17 - Partition Projection¶
https://docs.aws.amazon.com/athena/latest/ug/partition-projection.html
[1]:
import awswrangler as wr
import pandas as pd
from datetime import datetime
import getpass
Enter your bucket name:¶
[2]:
bucket = getpass.getpass()
···········································
Integer projection¶
[3]:
df = pd.DataFrame({
"value": [1, 2, 3],
"year": [2019, 2020, 2021],
"month": [10, 11, 12],
"day": [25, 26, 27]
})
df
[3]:
value | year | month | day | |
---|---|---|---|---|
0 | 1 | 2019 | 10 | 25 |
1 | 2 | 2020 | 11 | 26 |
2 | 3 | 2021 | 12 | 27 |
[4]:
wr.s3.to_parquet(
df=df,
path=f"s3://{bucket}/table_integer/",
dataset=True,
partition_cols=["year", "month", "day"],
database="default",
table="table_integer",
projection_enabled=True,
projection_types={
"year": "integer",
"month": "integer",
"day": "integer"
},
projection_ranges={
"year": "2000,2025",
"month": "1,12",
"day": "1,31"
},
)
[5]:
wr.athena.read_sql_query(f"SELECT * FROM table_integer", database="default")
[5]:
value | year | month | day | |
---|---|---|---|---|
0 | 3 | 2021 | 12 | 27 |
1 | 2 | 2020 | 11 | 26 |
2 | 1 | 2019 | 10 | 25 |
Enum projection¶
[6]:
df = pd.DataFrame({
"value": [1, 2, 3],
"city": ["São Paulo", "Tokio", "Seattle"],
})
df
[6]:
value | city | |
---|---|---|
0 | 1 | São Paulo |
1 | 2 | Tokio |
2 | 3 | Seattle |
[7]:
wr.s3.to_parquet(
df=df,
path=f"s3://{bucket}/table_enum/",
dataset=True,
partition_cols=["city"],
database="default",
table="table_enum",
projection_enabled=True,
projection_types={
"city": "enum",
},
projection_values={
"city": "São Paulo,Tokio,Seattle"
},
)
[8]:
wr.athena.read_sql_query(f"SELECT * FROM table_enum", database="default")
[8]:
value | city | |
---|---|---|
0 | 1 | São Paulo |
1 | 3 | Seattle |
2 | 2 | Tokio |
Date projection¶
[9]:
ts = lambda x: datetime.strptime(x, "%Y-%m-%d %H:%M:%S")

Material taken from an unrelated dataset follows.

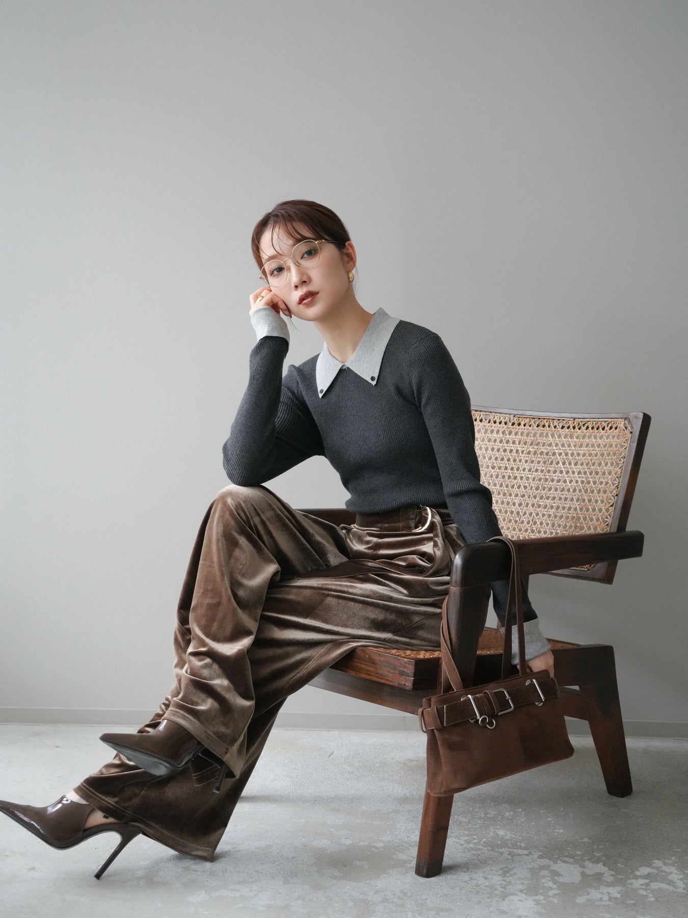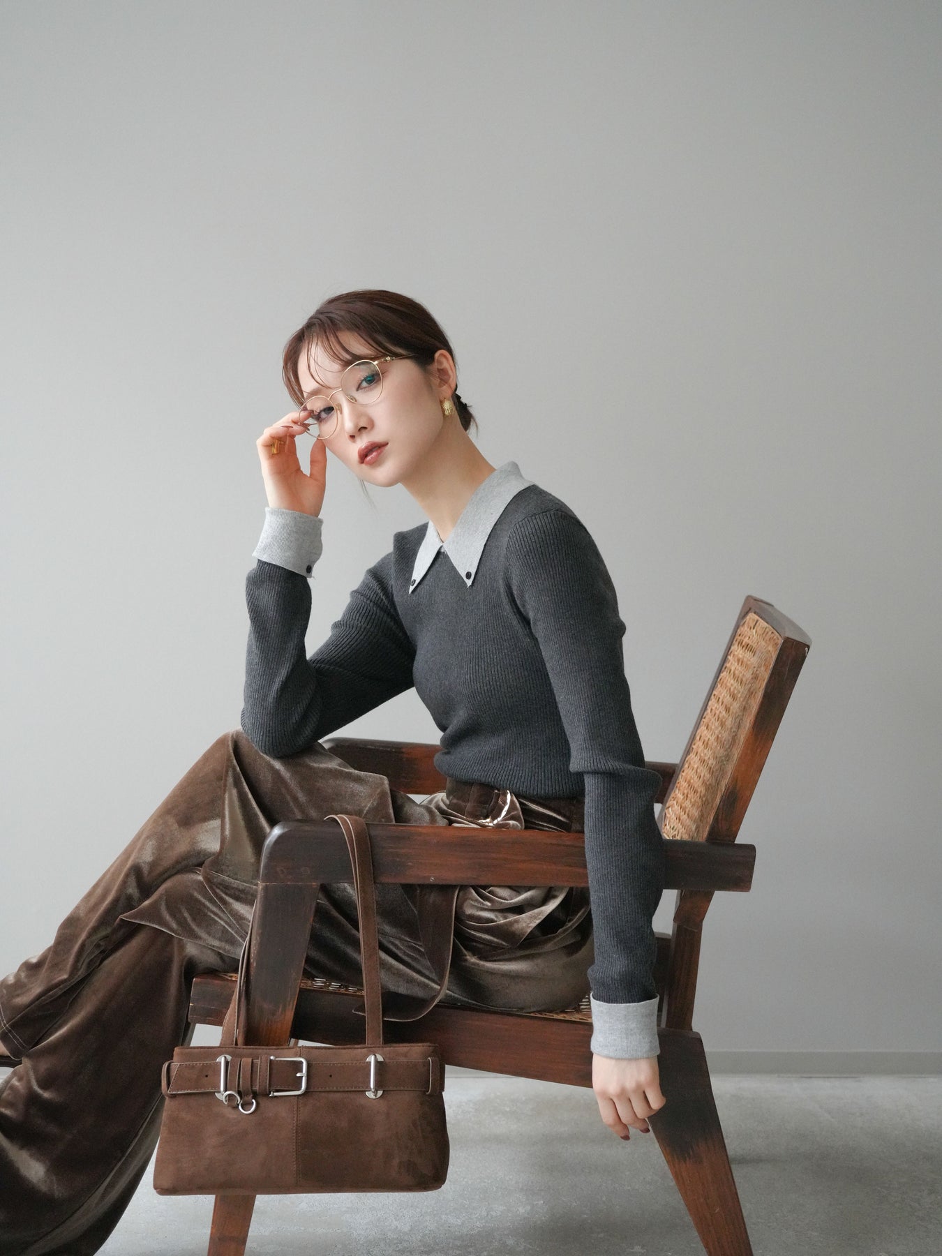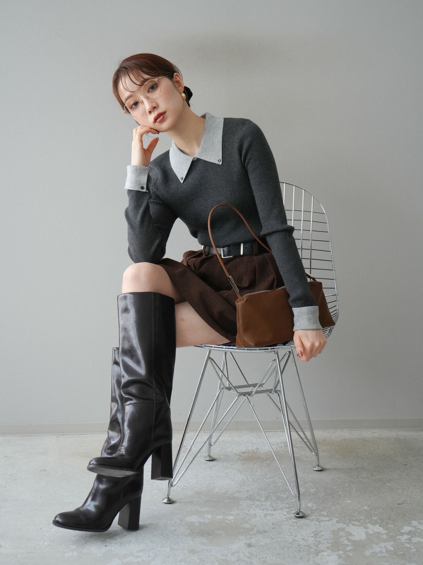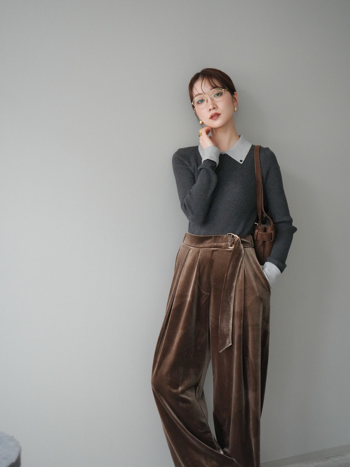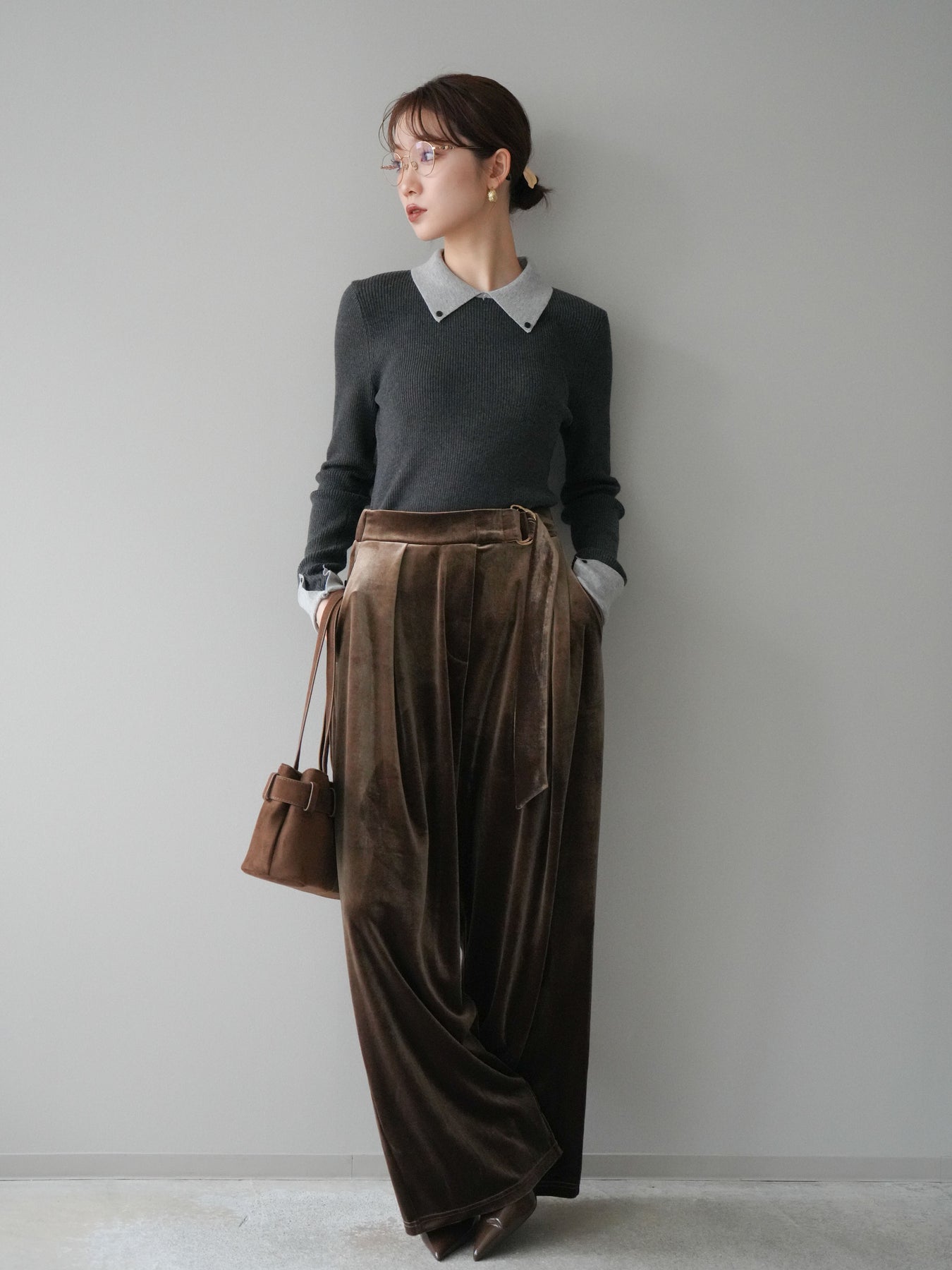 [予約]ニットカフス襟付き配色リブニットトップス/charcoal

dt = lambda x: datetime.strptime(x, "%Y-%m-%d").date()
df = pd.DataFrame({
"value": [1, 2, 3],
"dt": [dt("2020-01-01"), dt("2020-01-02"), dt("2020-01-03")],
"ts": [ts("2020-01-01 00:00:00"), ts("2020-01-01 00:00:01"), ts("2020-01-01 00:00:02")],
})
df
[9]:
value | dt | ts | |
---|---|---|---|
0 | 1 | 2020-01-01 | 2020-01-01 00:00:00 |
1 | 2 | 2020-01-02 | 2020-01-01 00:00:01 |
2 | 3 | 2020-01-03 | 2020-01-01 00:00:02 |
[10]:
wr.s3.to_parquet(
df=df,
path=f"s3://{bucket}/table_date/",
dataset=True,
partition_cols=["dt", "ts"],
database="default",
table="table_date",
projection_enabled=True,
projection_types={
"dt": "date",
"ts": "date",
},
projection_ranges={
"dt": "2020-01-01,2020-01-03",
"ts": "2020-01-01 00:00:00,2020-01-01 00:00:02"
},
)
[11]:
wr.athena.read_sql_query(f"SELECT * FROM table_date", database="default")
[11]:
value | dt | ts | |
---|---|---|---|
0 | 1 | 2020-01-01 | 2020-01-01 00:00:00 |
1 | 2 | 2020-01-02 | 2020-01-01 00:00:01 |
2 | 3 | 2020-01-03 | 2020-01-01 00:00:02 |
Injected projection¶
[12]:
df = pd.DataFrame({
"value": [1, 2, 3],
"uuid": ["761e2488-a078-11ea-bb37-0242ac130002", "b89ed095-8179-4635-9537-88592c0f6bc3", "87adc586-ce88-4f0a-b1c8-bf8e00d32249"],
})
df
[12]:
value | uuid | |
---|---|---|
0 | 1 | 761e2488-a078-11ea-bb37-0242ac130002 |
1 | 2 | b89ed095-8179-4635-9537-88592c0f6bc3 |
2 | 3 | 87adc586-ce88-4f0a-b1c8-bf8e00d32249 |
[13]:
wr.s3.to_parquet(
df=df,
path=f"s3://{bucket}/table_injected/",
dataset=True,
partition_cols=["uuid"],
database="default",
table="table_injected",
projection_enabled=True,
projection_types={
"uuid": "injected",
}
)
[14]:
wr.athena.read_sql_query(
sql=f"SELECT * FROM table_injected WHERE uuid='b89ed095-8179-4635-9537-88592c0f6bc3'",
database="default"
)
[14]:
value | uuid | |
---|---|---|
0 | 2 | b89ed095-8179-4635-9537-88592c0f6bc3 |
Cleaning Up¶
[15]:
wr.s3.delete_objects(f"s3://{bucket}/table_integer/")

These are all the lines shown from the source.